# Standard Poodle Size Comparison Pics



## sammy66 (Oct 26, 2011)

Not sure this will help, it is hard to get them to stand still.

Sophie is 21" and <40lbs
Joy is about 25" and >60lbs
Shelly is 14 weeks old and about 12 lbs

I am not sure the parent's size is an absolute indicator, so be prepared even a dog that is not suppose to be large might be.

Harmony (Joy's Mom) is <55lbs, London (Joy's Dad) is <65 lbs,


----------



## Angl (Nov 9, 2012)

Max is 25 inches 60 lbs and still growing. When he sits, his nose could rest comfortably on the dining table. 


Sent from Petguide.com Free App


----------



## Locket (Jun 21, 2009)

How crucial is sticking to your time frame? How would getting a puppy outside your time frame effect you or the puppy?

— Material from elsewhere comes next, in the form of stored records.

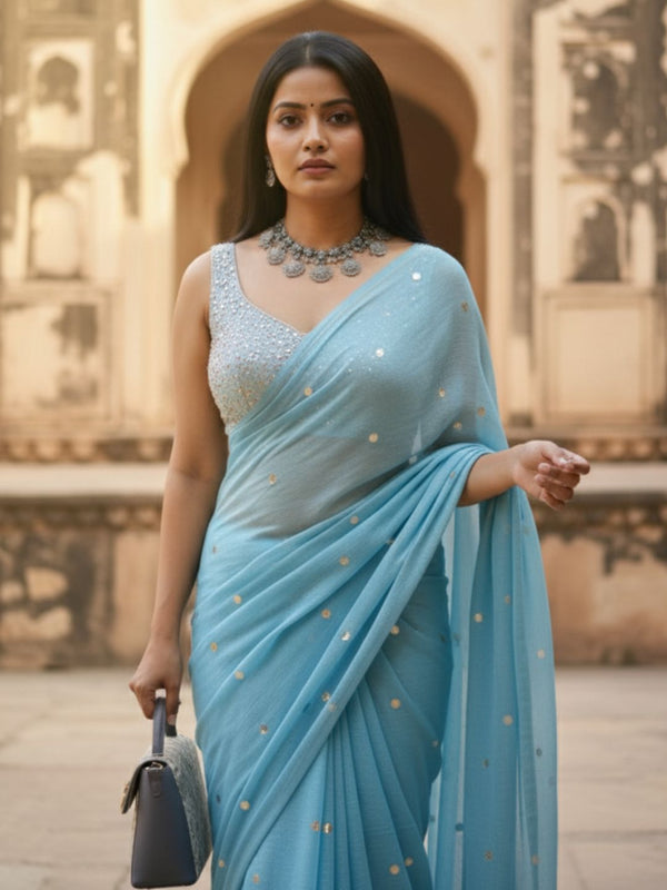 Gini Baani Pure Mul Cotton Sequin Sky Blue Saree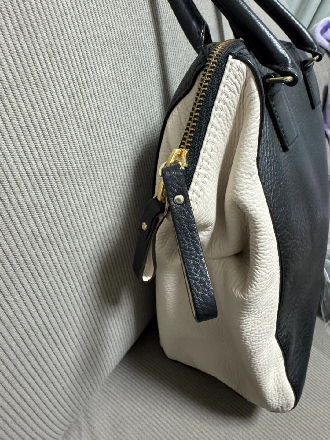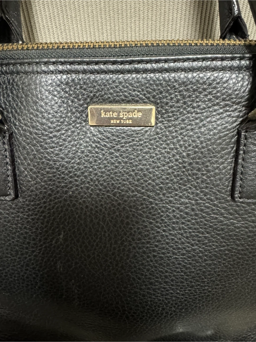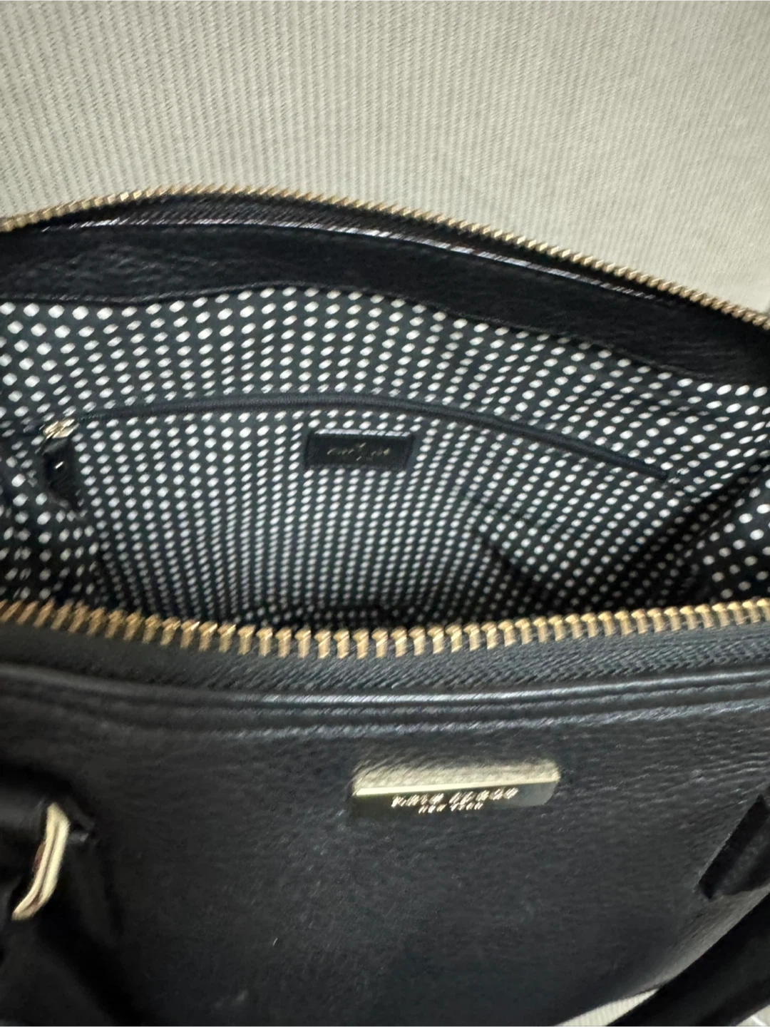 ケイトスペードのハンドバッグです。 ・ブランド:ケイトスペード ・カラー:ブラック、ホワイト ・付属品:ショルダーストラップ(未開封) ・状態:一部に小さなキズあり ・大きさ約30×30×12cm 中古品であることをご了承ください。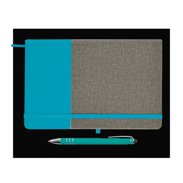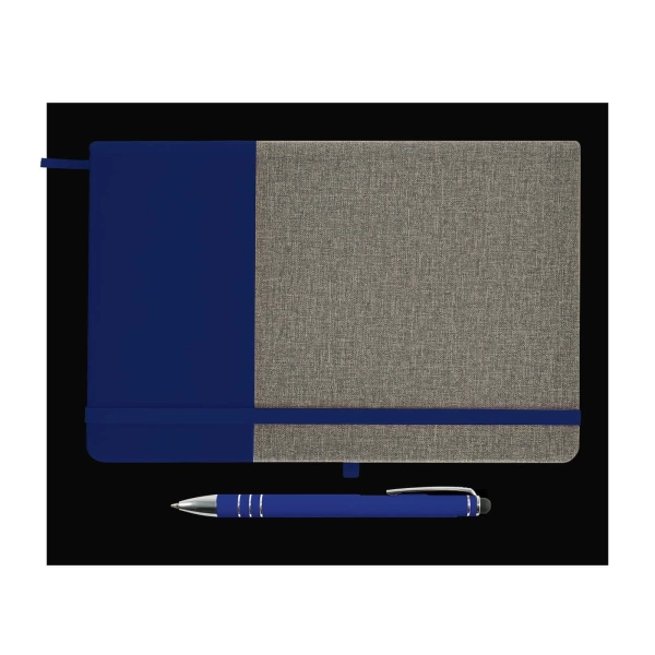 Gift set of Venture Bondi A5 Notebook and Austin Pen packed in 2 piece cardboard gift box with laser cut foam insert.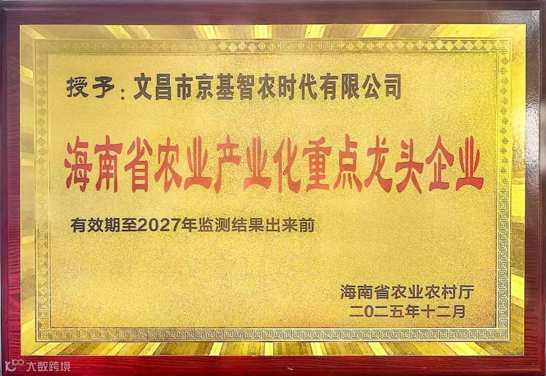 近日,京基智农旗下文昌市京基智农时代有限公司荣获“海南省农业产业化重点龙头企业”称号。这一认定,是对项目引领海南农业现代化、筑牢全产业链竞争力的认可,更是对其扎根地方、践行社会责任、助力海南乡村振兴的肯定。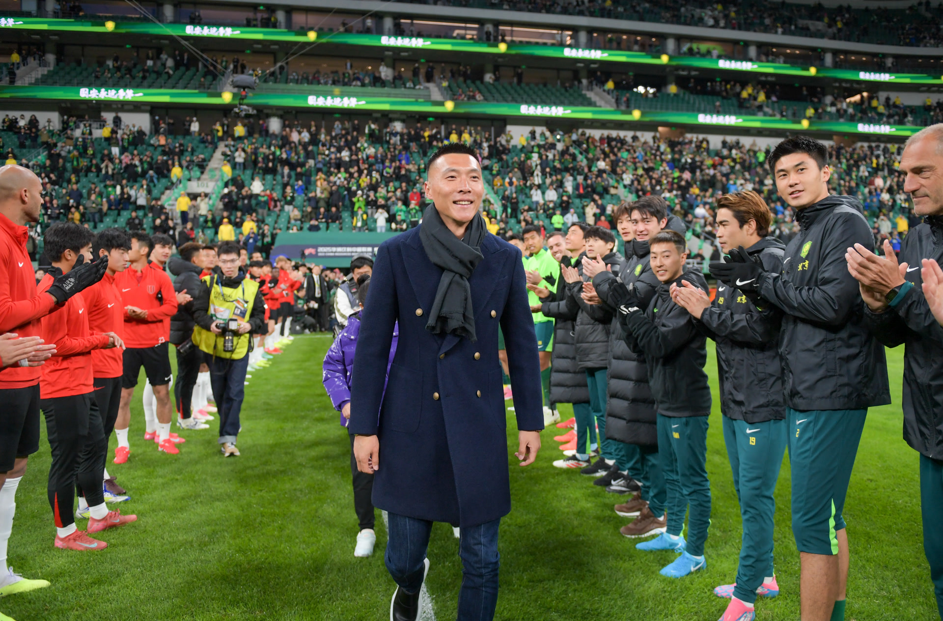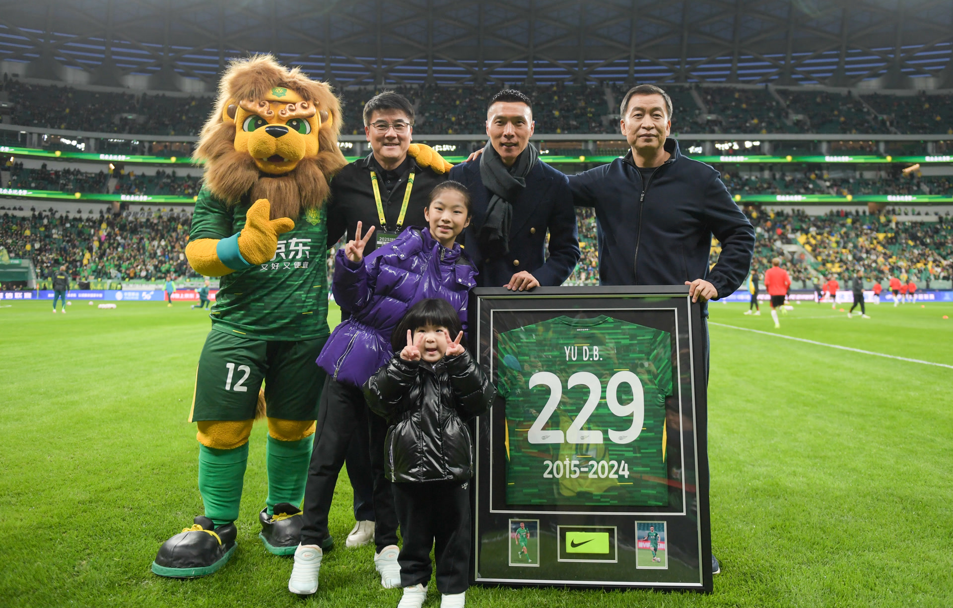 3月29日晚,北京国安队主场对阵成都蓉城。赛前,国安俱乐部专门为功勋队长于大宝举办退役仪式。两队球员列队欢迎于大宝入场,这既是对于大宝这位效力国安10年的老球员的致敬,也是对他作为中国男足国脚多年为国效力的褒扬。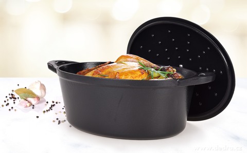 XXL owalny głęboki garnek/ brytfanna z samopodlewającą pokrywką kondensacyjną.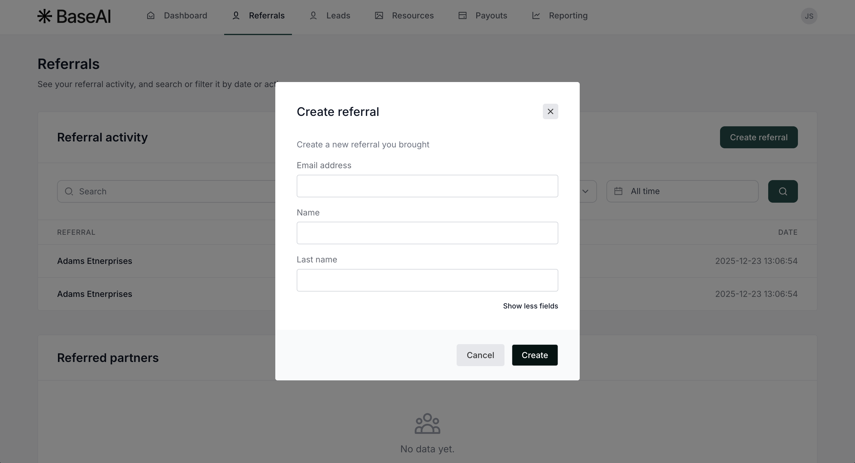 When the partner clicks on the Create referral option, they will be able to provide the new customer's name, last name, and email:
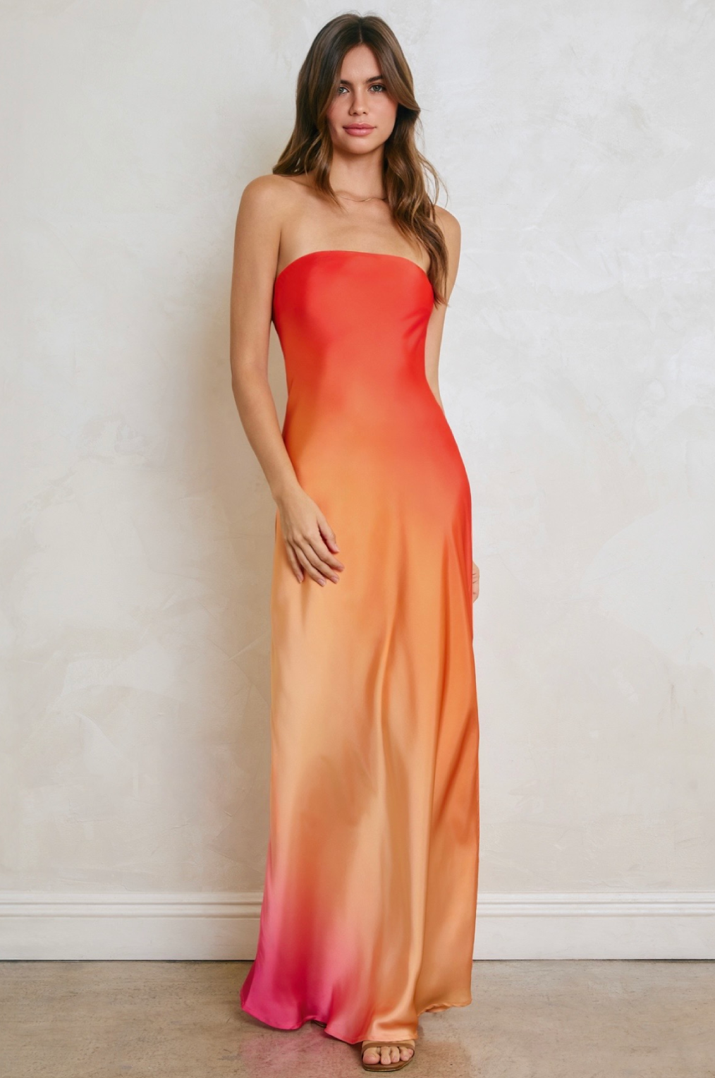 Ombre print satin strapless maxi dress. Elastic band with gel grip tape on the neck line. Hidden side, zipper closure. Shell and lining 100% polyester.
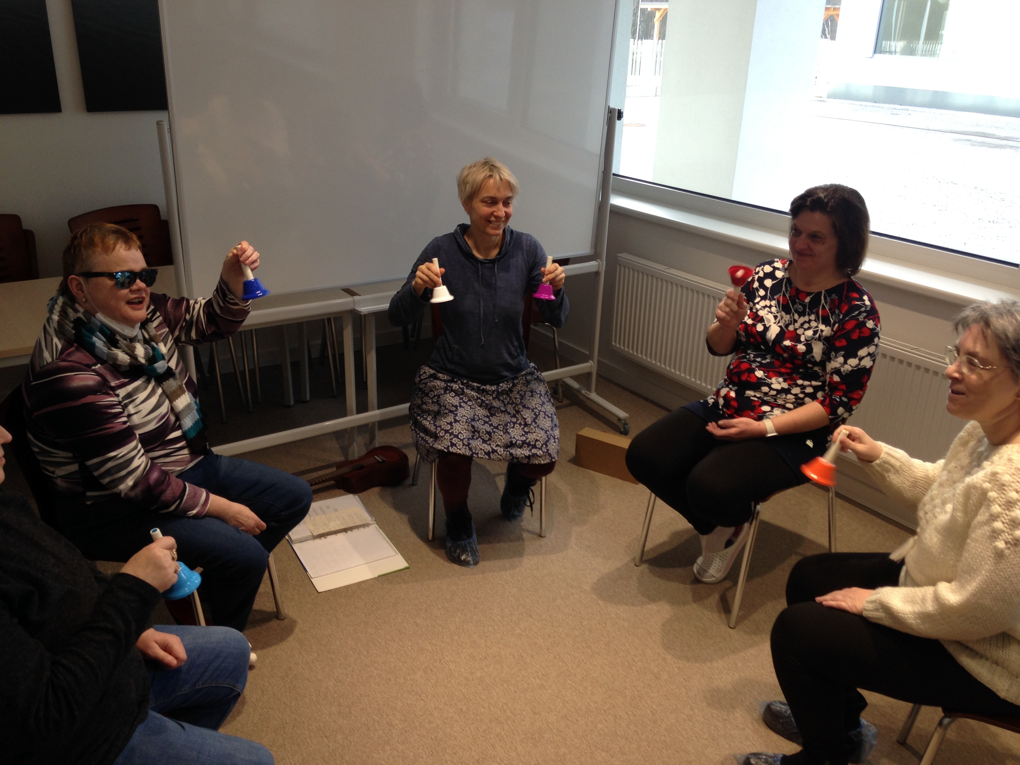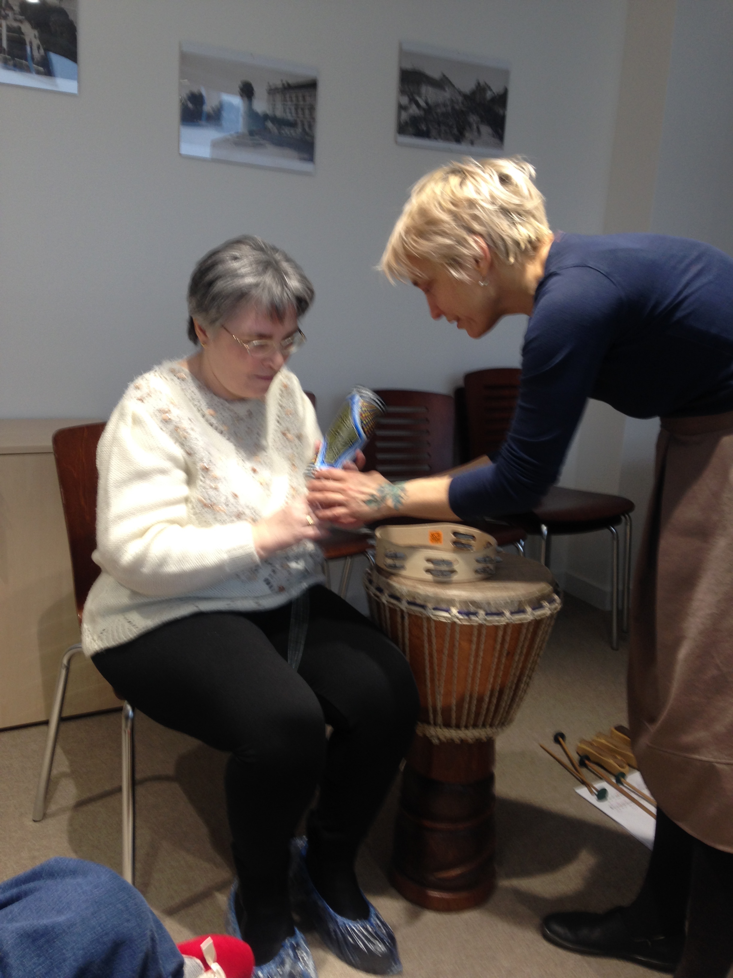 Zima ještě třímá v rukou žezlo a sluníčko za mraky úspěšně zahání. My ale již víme, jak se dostat do pohody a do harmonie. S hudbou přichází ta pravá terapie. Pravidelný kurz muzikoterapie jsme opět zahájily malou rozcvičkou dýchacích cviků. Účastnice byly nadšené, neboť si zkoušely opět nové nástroje, které se používají spíše při divadle či zhudebňování různých textů. Například jsme si mohly vyzkoušet nástroje, které představovaly zvuk bouřky, větru a sloního mláděte. Na dnešní hodině jsme si vyzkoušely píseň "Na kopečku stála, plakala" což je čardáš. Také jsme si zazpívaly píseň, kterou jsme se učily minule a to píseň - Ocho kandelikas, což je stará židovská píseň ve staro - španělštině. Také jsme spolu s lektorkou zkoušely zhudebnit dva příběhy. Pověděly jsme si krátký příběh k jednotlivým kartám a pak k nim vybíraly vhodné nástroje a za pomocí nich a zvuku zkusily vytvořit správnou atmosféru příběhu. Dámy byly velice nadšené a již se těší na příští setkání.

I think it would be a bad choice to base buying a puppy solely on how it fits into your time frame. You may not just be sacrificing on size, but health and temperament also.


----------



## salexander04 (Jan 15, 2013)

The timing isn't a necessity, but I am not working this summer, so I wanted to be able to dedicate the full summer to training. Work ends in early June, so this would be the best time to bring home a pup to care for and train during the summer. If I wait until later, that means I will have less time to do this when I go back to work.


----------



## frankgrimes (Nov 28, 2011)

What are your reasons for being set on a smaller standard? Maybe it's just as easy to find a larger one with the attributes you want from a smaller one, I.e., gentle in the house or whatever. If compact size for lifting reasons is the issue than maybe a mini will fit your needs.


----------



## Indiana (Sep 11, 2011)

sammy66 said:


> Harmony (Joy's Mom) is <55lbs, London (Joy's Dad) is <65 lbs,


I was going to comment on this thread but once I saw Joy's parents all I could think was "holy macaroni!" Amazing!


----------



## 3dogs (Nov 3, 2010)

I cannot contribute since we have 1 of each size. 22" & 38 lbs. Maybe I can get a photo with my friends Spoo. She is much larger. Size does matter. Have you looked into the Over sized Mini or a Moyen Poodle.


----------



## outwest (May 1, 2011)

Jazz 25.5 inches tall, Bonnie is not quite 22 inches tall. It's a big difference. Jazz can rest his head on the dining table (if he was allowed to . Bonnie fits in my lap, barely, but she squeezes in there for snuggles:


----------



## peppersb (Jun 5, 2011)

I think that weight matters more than height. My girl Cammie is a small standard poodle--about 21 or 21.5 inches and 35 pounds. Bob is not much taller. He is only 22 inches, but he is 55 pounds. He has a very stocky build and short legs--terrible structure, but I love him anyway. Even though he is only 22 inches, I do not think of him as a small standard poodle. 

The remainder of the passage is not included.